**WHAT IS REQUIRED:**
This exercise asks for an exact copy of every entry below, with pictures omitted.
****************
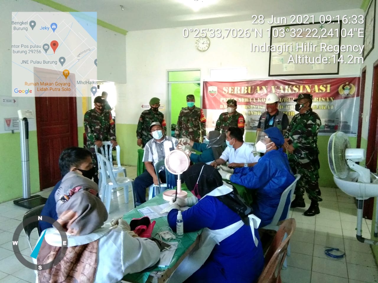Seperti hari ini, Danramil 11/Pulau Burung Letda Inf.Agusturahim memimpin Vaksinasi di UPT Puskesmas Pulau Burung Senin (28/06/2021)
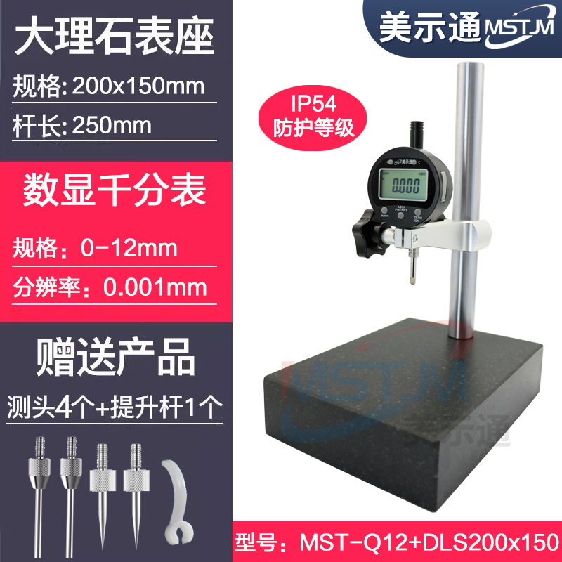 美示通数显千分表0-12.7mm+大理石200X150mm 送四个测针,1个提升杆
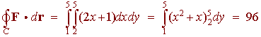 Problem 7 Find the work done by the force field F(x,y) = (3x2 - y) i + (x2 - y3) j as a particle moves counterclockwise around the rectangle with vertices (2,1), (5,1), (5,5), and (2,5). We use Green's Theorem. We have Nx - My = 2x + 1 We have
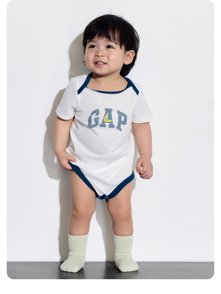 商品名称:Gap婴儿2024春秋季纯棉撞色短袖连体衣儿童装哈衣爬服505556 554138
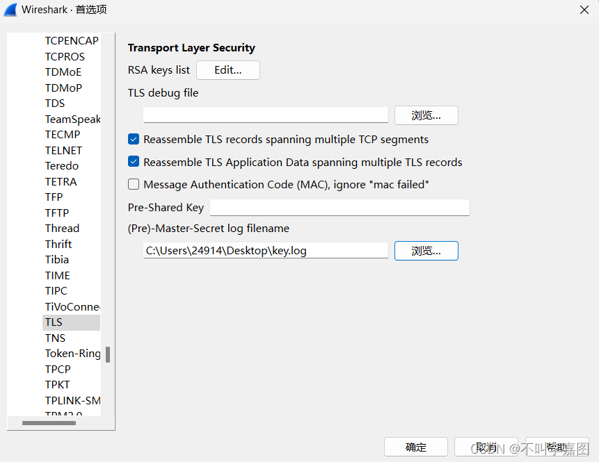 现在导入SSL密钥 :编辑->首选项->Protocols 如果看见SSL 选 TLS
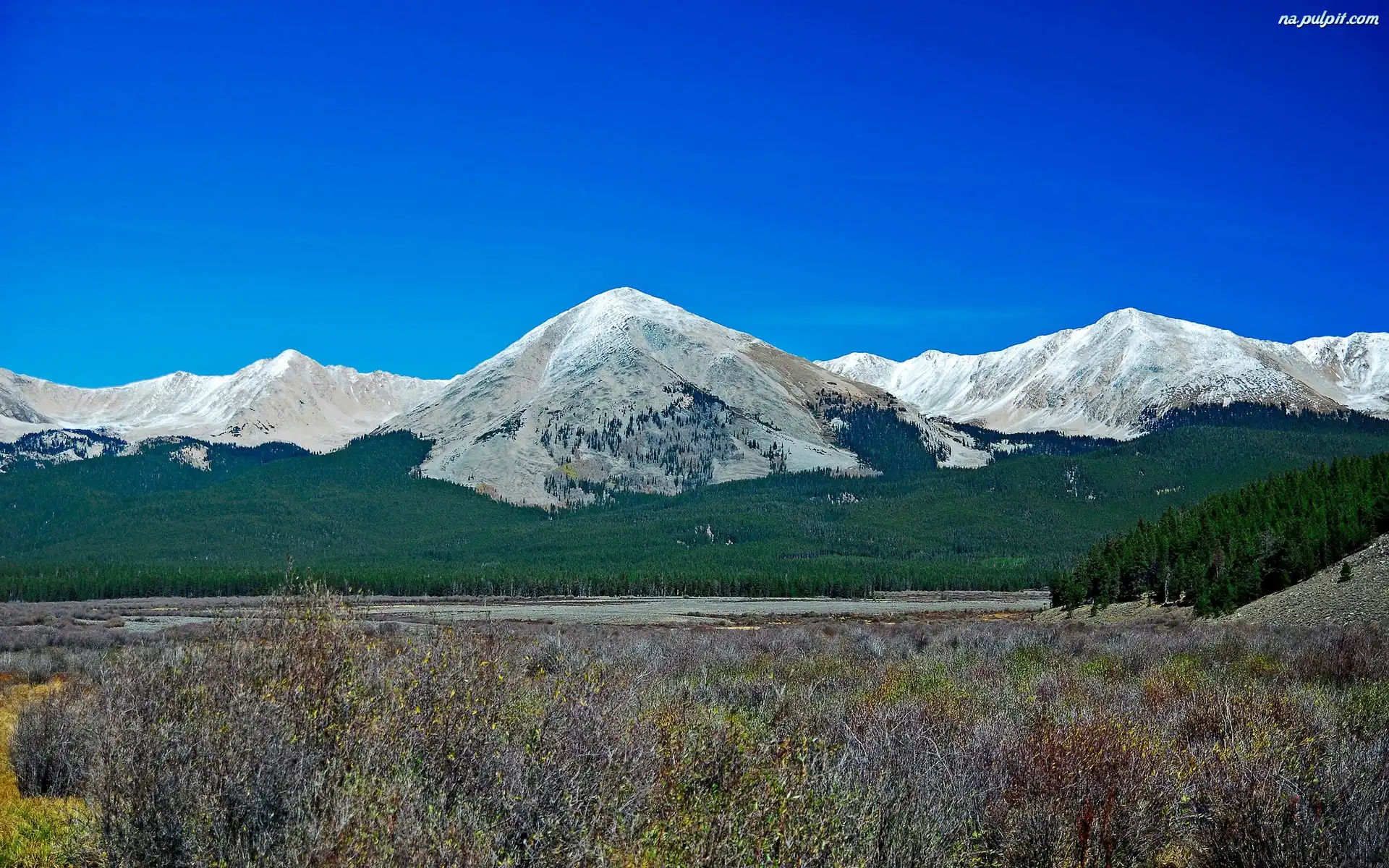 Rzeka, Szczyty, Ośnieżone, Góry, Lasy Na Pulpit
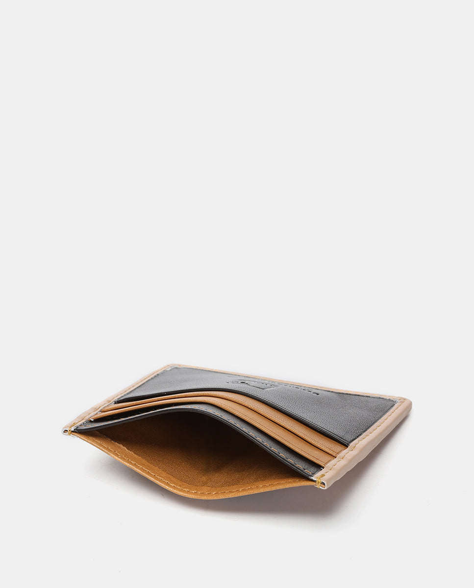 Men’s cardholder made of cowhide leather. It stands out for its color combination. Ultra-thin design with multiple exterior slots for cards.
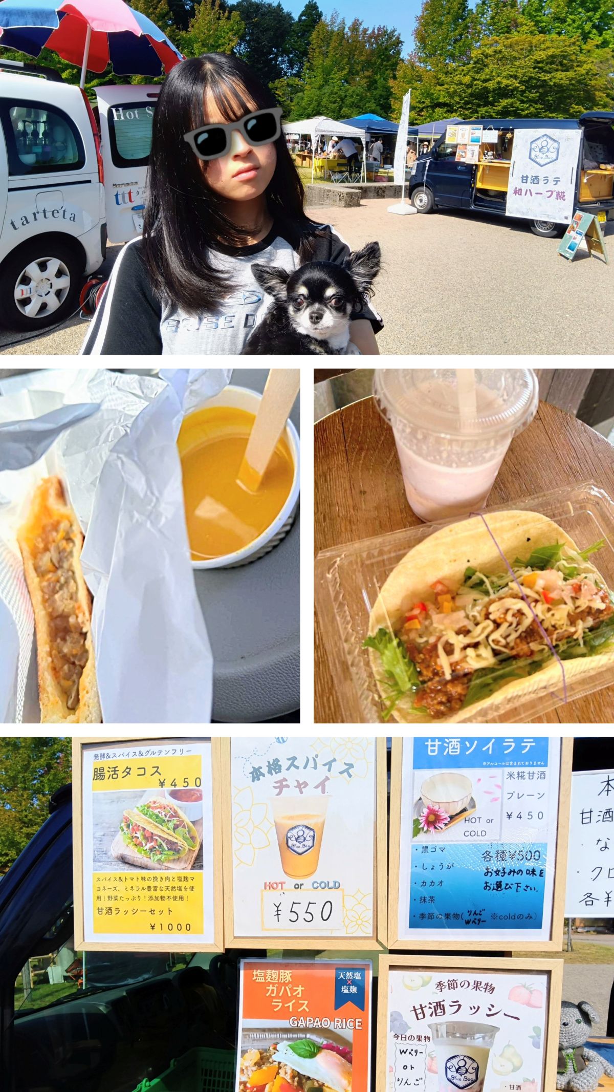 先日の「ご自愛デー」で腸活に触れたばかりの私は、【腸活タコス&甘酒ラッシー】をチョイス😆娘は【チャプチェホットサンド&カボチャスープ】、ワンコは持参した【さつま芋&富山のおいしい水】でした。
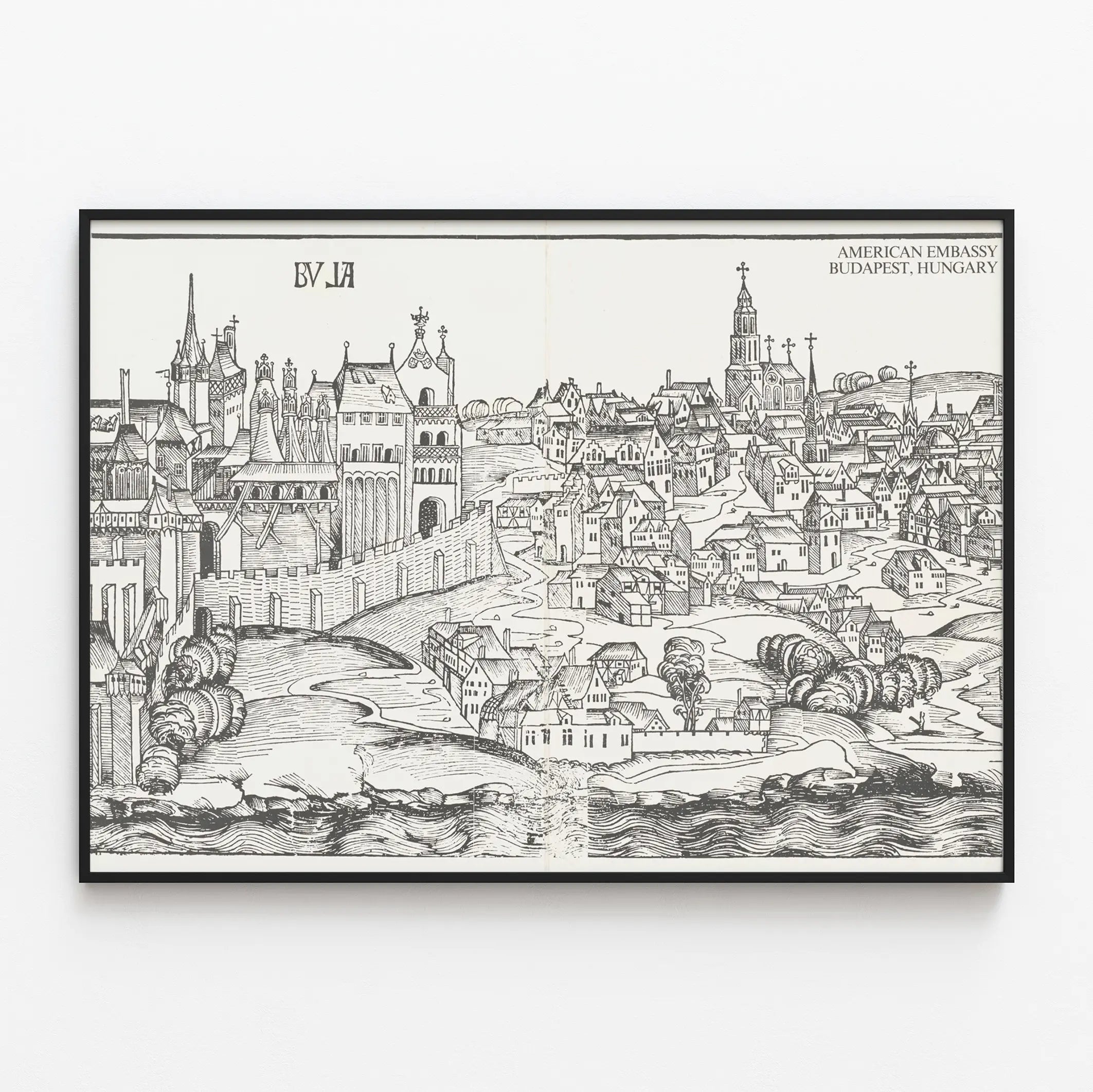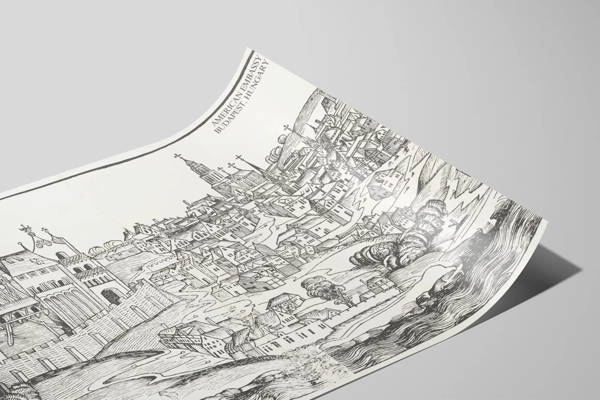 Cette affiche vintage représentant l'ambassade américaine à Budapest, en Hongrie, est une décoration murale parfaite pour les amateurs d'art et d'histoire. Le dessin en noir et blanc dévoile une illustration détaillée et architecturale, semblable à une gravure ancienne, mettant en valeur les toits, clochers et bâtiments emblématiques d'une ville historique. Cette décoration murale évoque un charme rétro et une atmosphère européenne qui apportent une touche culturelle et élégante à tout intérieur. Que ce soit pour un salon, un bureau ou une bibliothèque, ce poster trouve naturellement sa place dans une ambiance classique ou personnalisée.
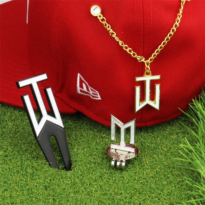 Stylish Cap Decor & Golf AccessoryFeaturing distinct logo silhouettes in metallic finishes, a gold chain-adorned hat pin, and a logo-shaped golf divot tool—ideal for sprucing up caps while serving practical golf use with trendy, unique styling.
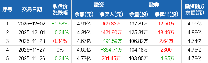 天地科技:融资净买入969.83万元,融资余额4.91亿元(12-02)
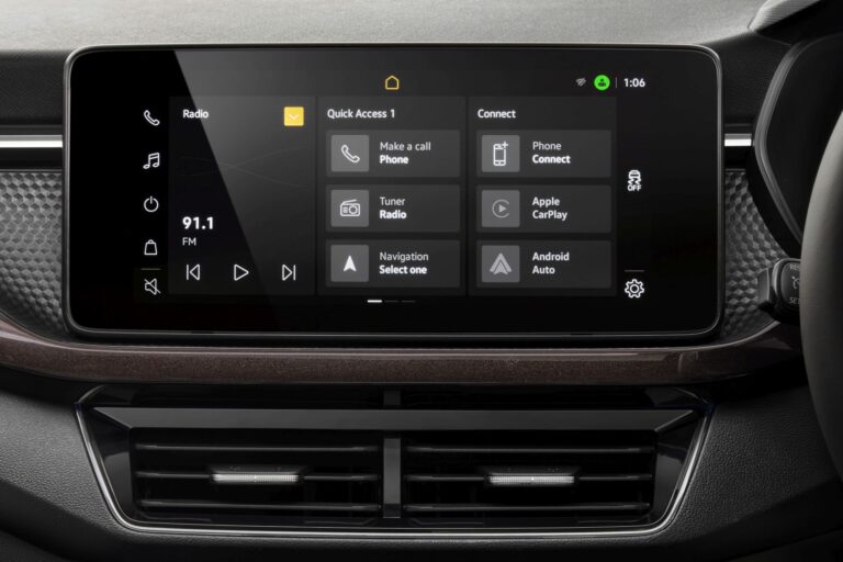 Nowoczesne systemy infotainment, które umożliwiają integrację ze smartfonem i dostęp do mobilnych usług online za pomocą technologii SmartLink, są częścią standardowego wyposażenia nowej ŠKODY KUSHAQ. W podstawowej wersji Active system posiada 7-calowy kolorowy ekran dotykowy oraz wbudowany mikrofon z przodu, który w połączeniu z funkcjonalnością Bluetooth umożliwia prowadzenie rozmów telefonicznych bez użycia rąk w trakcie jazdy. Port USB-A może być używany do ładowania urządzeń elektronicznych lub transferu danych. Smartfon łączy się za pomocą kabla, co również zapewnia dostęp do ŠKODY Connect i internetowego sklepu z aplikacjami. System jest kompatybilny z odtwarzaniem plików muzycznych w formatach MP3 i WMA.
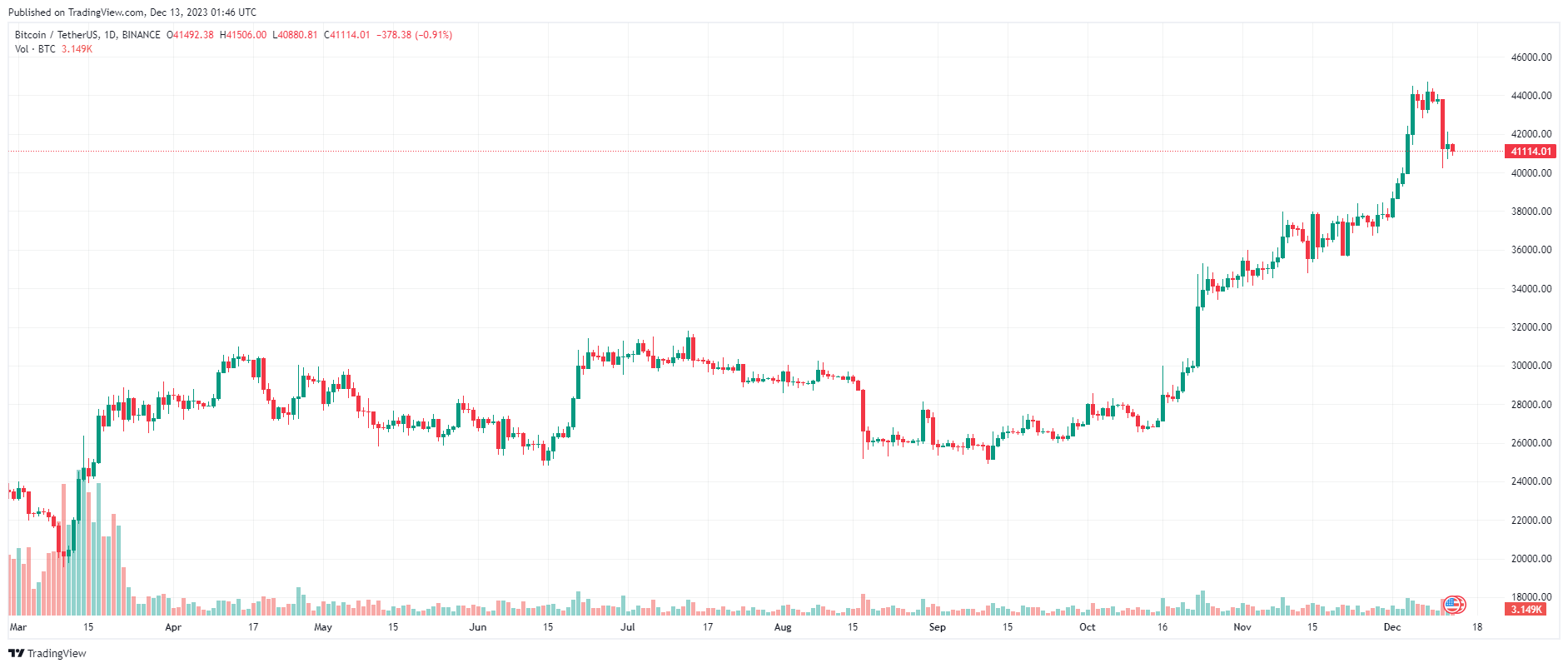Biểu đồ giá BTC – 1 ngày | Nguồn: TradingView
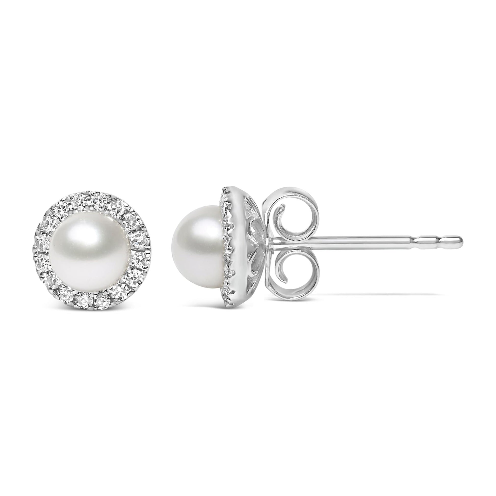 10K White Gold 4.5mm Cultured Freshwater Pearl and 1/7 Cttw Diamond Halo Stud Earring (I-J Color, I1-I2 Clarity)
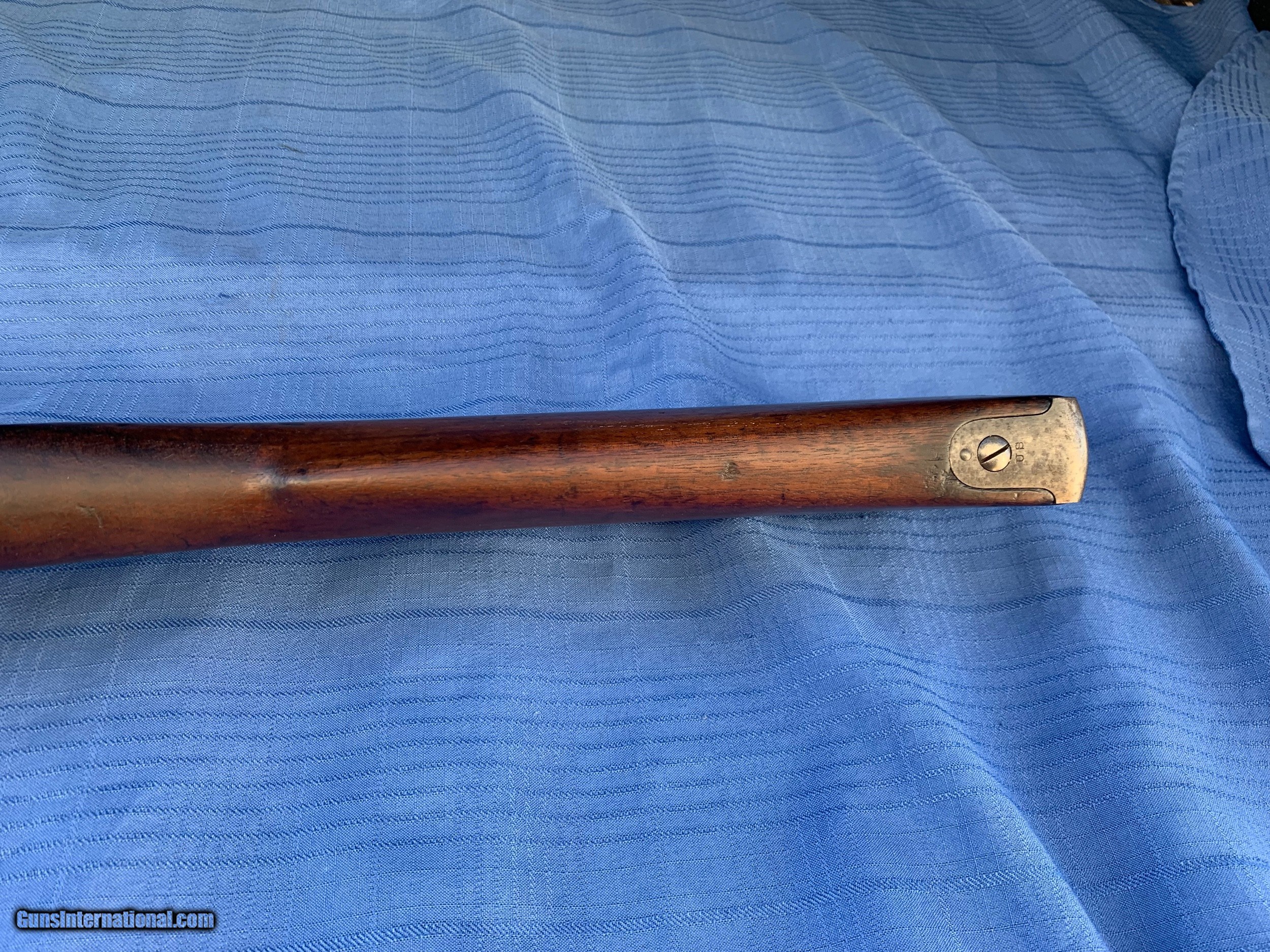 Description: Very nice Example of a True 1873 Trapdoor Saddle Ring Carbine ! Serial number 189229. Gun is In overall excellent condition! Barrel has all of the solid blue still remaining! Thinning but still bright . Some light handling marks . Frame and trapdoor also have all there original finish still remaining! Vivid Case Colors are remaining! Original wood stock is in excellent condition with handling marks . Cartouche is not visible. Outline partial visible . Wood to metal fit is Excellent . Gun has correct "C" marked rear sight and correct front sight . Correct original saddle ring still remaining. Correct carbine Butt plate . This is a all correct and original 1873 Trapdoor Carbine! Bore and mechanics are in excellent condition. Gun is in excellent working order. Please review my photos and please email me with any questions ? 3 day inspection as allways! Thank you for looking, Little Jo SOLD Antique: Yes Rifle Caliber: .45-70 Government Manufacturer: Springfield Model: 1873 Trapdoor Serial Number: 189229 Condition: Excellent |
****************
**REPLY:**
Seperti hari ini, Danramil 11/Pulau Burung Letda Inf.Agusturahim memimpin Vaksinasi di UPT Puskesmas Pulau Burung Senin (28/06/2021)
 美示通数显千分表0-12.7mm+大理石200X150mm 送四个测针,1个提升杆
 Problem 7 Find the work done by the force field F(x,y) = (3x2 - y) i + (x2 - y3) j as a particle moves counterclockwise around the rectangle with vertices (2,1), (5,1), (5,5), and (2,5). We use Green's Theorem. We have Nx - My = 2x + 1 We have
 商品名称:Gap婴儿2024春秋季纯棉撞色短袖连体衣儿童装哈衣爬服505556 554138
 现在导入SSL密钥 :编辑->首选项->Protocols 如果看见SSL 选 TLS
 Rzeka, Szczyty, Ośnieżone, Góry, Lasy Na Pulpit
 Men’s cardholder made of cowhide leather. It stands out for its color combination. Ultra-thin design with multiple exterior slots for cards.
 先日の「ご自愛デー」で腸活に触れたばかりの私は、【腸活タコス&甘酒ラッシー】をチョイス😆娘は【チャプチェホットサンド&カボチャスープ】、ワンコは持参した【さつま芋&富山のおいしい水】でした。
 Cette affiche vintage représentant l'ambassade américaine à Budapest, en Hongrie, est une décoration murale parfaite pour les amateurs d'art et d'histoire. Le dessin en noir et blanc dévoile une illustration détaillée et architecturale, semblable à une gravure ancienne, mettant en valeur les toits, clochers et bâtiments emblématiques d'une ville historique. Cette décoration murale évoque un charme rétro et une atmosphère européenne qui apportent une touche culturelle et élégante à tout intérieur. Que ce soit pour un salon, un bureau ou une bibliothèque, ce poster trouve naturellement sa place dans une ambiance classique ou personnalisée.
 Stylish Cap Decor & Golf AccessoryFeaturing distinct logo silhouettes in metallic finishes, a gold chain-adorned hat pin, and a logo-shaped golf divot tool—ideal for sprucing up caps while serving practical golf use with trendy, unique styling.
 天地科技:融资净买入969.83万元,融资余额4.91亿元(12-02)
 Nowoczesne systemy infotainment, które umożliwiają integrację ze smartfonem i dostęp do mobilnych usług online za pomocą technologii SmartLink, są częścią standardowego wyposażenia nowej ŠKODY KUSHAQ. W podstawowej wersji Active system posiada 7-calowy kolorowy ekran dotykowy oraz wbudowany mikrofon z przodu, który w połączeniu z funkcjonalnością Bluetooth umożliwia prowadzenie rozmów telefonicznych bez użycia rąk w trakcie jazdy. Port USB-A może być używany do ładowania urządzeń elektronicznych lub transferu danych. Smartfon łączy się za pomocą kabla, co również zapewnia dostęp do ŠKODY Connect i internetowego sklepu z aplikacjami. System jest kompatybilny z odtwarzaniem plików muzycznych w formatach MP3 i WMA.
Biểu đồ giá BTC – 1 ngày | Nguồn: TradingView
 10K White Gold 4.5mm Cultured Freshwater Pearl and 1/7 Cttw Diamond Halo Stud Earring (I-J Color, I1-I2 Clarity)
 Description: Very nice Example of a True 1873 Trapdoor Saddle Ring Carbine ! Serial number 189229. Gun is In overall excellent condition! Barrel has all of the solid blue still remaining! Thinning but still bright . Some light handling marks . Frame and trapdoor also have all there original finish still remaining! Vivid Case Colors are remaining! Original wood stock is in excellent condition with handling marks . Cartouche is not visible. Outline partial visible . Wood to metal fit is Excellent . Gun has correct "C" marked rear sight and correct front sight . Correct original saddle ring still remaining. Correct carbine Butt plate . This is a all correct and original 1873 Trapdoor Carbine! Bore and mechanics are in excellent condition. Gun is in excellent working order. Please review my photos and please email me with any questions ? 3 day inspection as allways! Thank you for looking, Little Jo SOLD Antique: Yes Rifle Caliber: .45-70 Government Manufacturer: Springfield Model: 1873 Trapdoor Serial Number: 189229 Condition: Excellent |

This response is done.